- **Supplied entries**
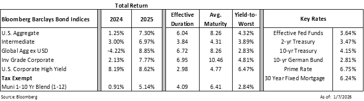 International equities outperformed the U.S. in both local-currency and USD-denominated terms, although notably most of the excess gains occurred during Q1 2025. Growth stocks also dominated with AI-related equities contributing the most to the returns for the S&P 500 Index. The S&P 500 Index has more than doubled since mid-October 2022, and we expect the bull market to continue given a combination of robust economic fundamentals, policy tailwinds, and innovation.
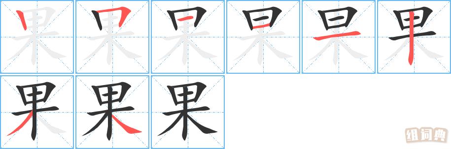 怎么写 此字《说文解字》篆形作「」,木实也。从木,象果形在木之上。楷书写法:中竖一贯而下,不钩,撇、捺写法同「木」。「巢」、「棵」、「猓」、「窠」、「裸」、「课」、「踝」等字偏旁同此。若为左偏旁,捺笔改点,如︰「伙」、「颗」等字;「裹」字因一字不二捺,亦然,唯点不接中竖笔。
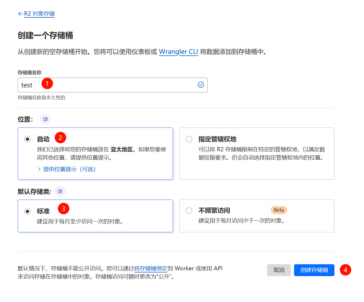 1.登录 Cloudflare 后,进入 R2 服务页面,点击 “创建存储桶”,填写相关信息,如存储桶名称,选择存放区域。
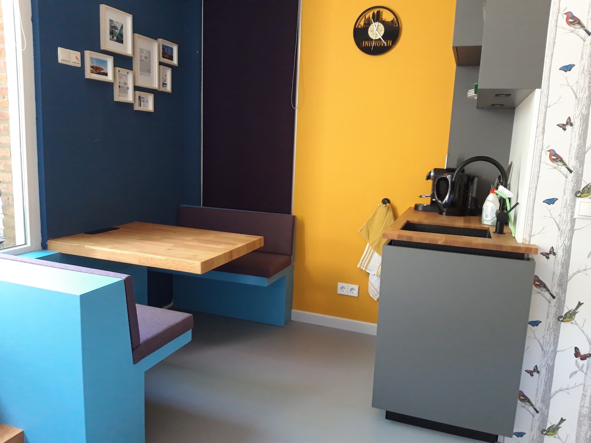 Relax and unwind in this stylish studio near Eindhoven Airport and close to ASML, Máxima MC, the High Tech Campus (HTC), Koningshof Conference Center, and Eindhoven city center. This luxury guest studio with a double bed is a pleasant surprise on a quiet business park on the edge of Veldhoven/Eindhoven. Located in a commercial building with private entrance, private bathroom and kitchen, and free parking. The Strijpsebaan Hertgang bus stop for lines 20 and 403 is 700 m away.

* * *

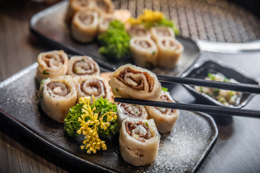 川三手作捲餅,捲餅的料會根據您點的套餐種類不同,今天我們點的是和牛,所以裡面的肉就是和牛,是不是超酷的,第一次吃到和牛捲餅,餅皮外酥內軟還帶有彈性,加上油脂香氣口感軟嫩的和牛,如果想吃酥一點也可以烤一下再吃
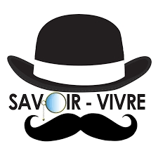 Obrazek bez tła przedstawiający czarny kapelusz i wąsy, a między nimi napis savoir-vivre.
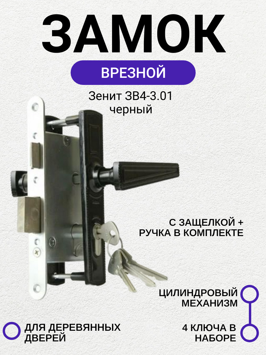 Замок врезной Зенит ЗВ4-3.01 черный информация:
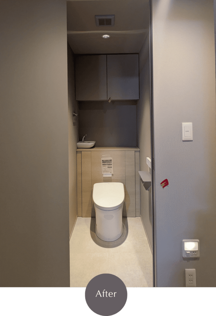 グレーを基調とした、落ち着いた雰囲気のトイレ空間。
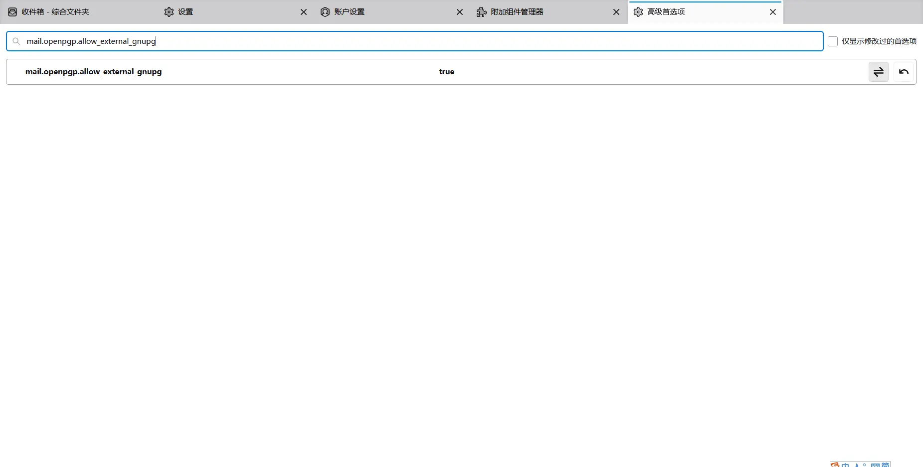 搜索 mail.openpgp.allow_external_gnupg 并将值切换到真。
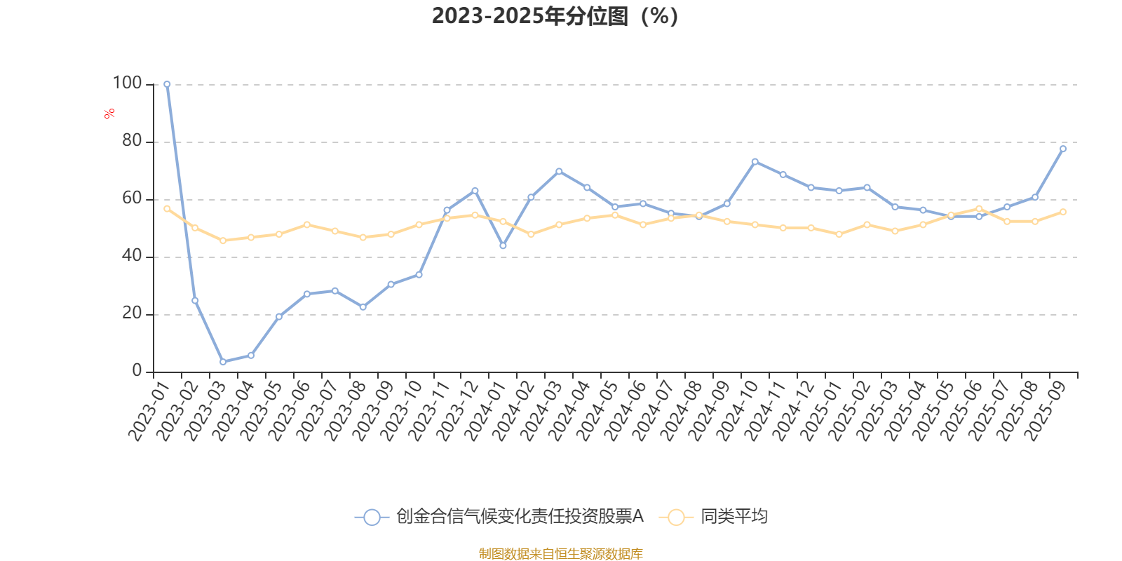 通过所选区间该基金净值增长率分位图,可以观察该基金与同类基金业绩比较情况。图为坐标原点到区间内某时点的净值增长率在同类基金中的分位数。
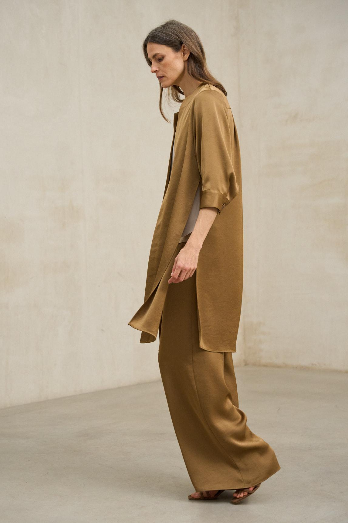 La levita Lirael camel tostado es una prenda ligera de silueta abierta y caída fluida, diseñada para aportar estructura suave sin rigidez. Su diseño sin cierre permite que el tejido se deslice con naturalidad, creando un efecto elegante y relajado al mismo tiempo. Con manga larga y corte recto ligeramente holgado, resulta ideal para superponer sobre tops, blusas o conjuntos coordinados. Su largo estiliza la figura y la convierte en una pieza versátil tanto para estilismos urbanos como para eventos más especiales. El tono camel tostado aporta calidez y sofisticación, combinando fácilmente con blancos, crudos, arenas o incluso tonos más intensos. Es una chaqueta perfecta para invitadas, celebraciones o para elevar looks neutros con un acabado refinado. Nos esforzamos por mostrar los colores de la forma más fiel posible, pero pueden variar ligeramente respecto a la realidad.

* * *

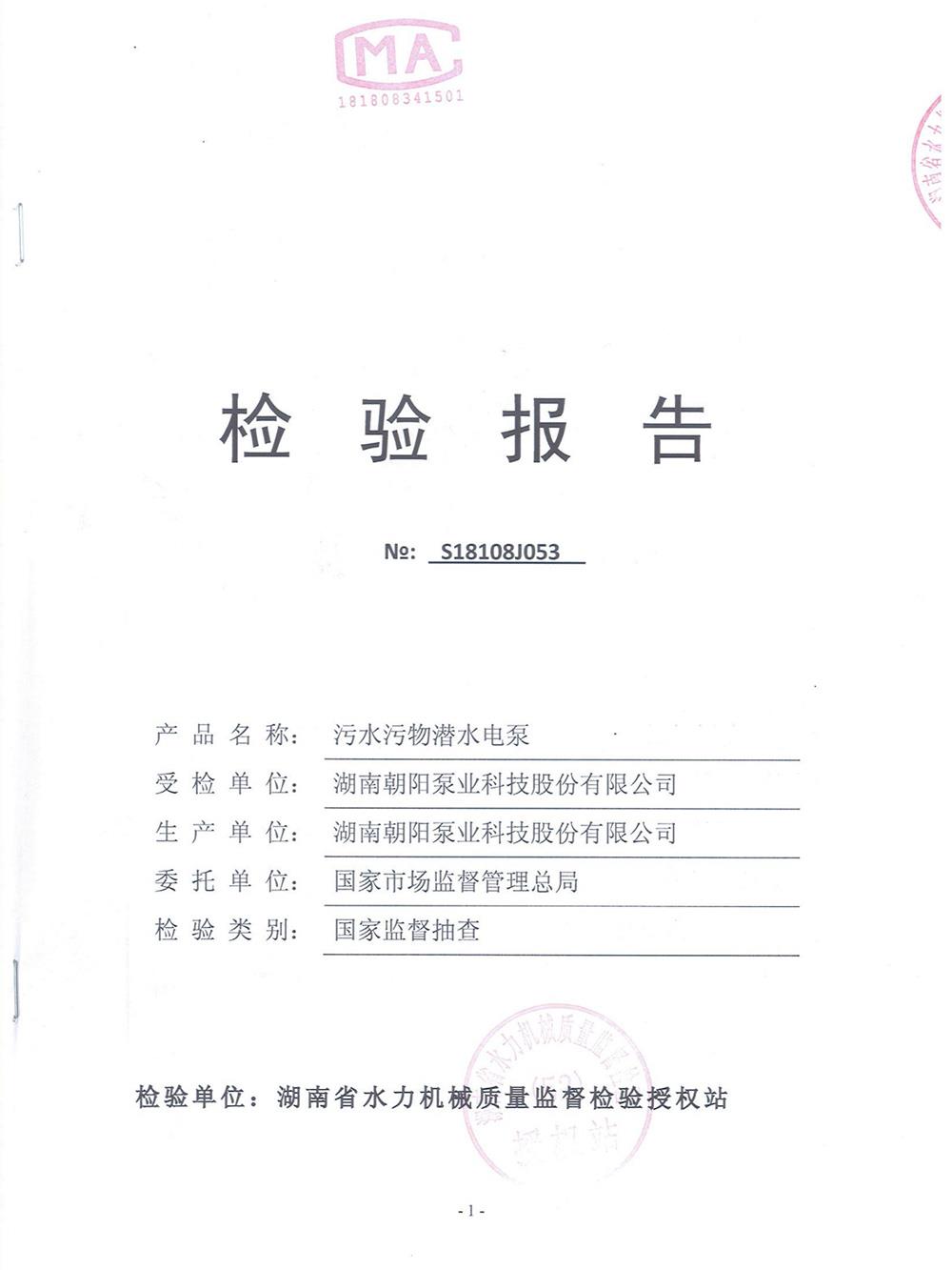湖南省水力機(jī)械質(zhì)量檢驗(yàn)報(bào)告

- **Exercise directions**
Give exactly the lines above that run from the line with "International equities outperformed" to the line with "1.登录 Cloudflare 后,进入", both included, leaving every picture out.

- **Reply to the task**
 International equities outperformed the U.S. in both local-currency and USD-denominated terms, although notably most of the excess gains occurred during Q1 2025. Growth stocks also dominated with AI-related equities contributing the most to the returns for the S&P 500 Index. The S&P 500 Index has more than doubled since mid-October 2022, and we expect the bull market to continue given a combination of robust economic fundamentals, policy tailwinds, and innovation.
 怎么写 此字《说文解字》篆形作「」,木实也。从木,象果形在木之上。楷书写法:中竖一贯而下,不钩,撇、捺写法同「木」。「巢」、「棵」、「猓」、「窠」、「裸」、「课」、「踝」等字偏旁同此。若为左偏旁,捺笔改点,如︰「伙」、「颗」等字;「裹」字因一字不二捺,亦然,唯点不接中竖笔。
 1.登录 Cloudflare 后,进入 R2 服务页面,点击 “创建存储桶”,填写相关信息,如存储桶名称,选择存放区域。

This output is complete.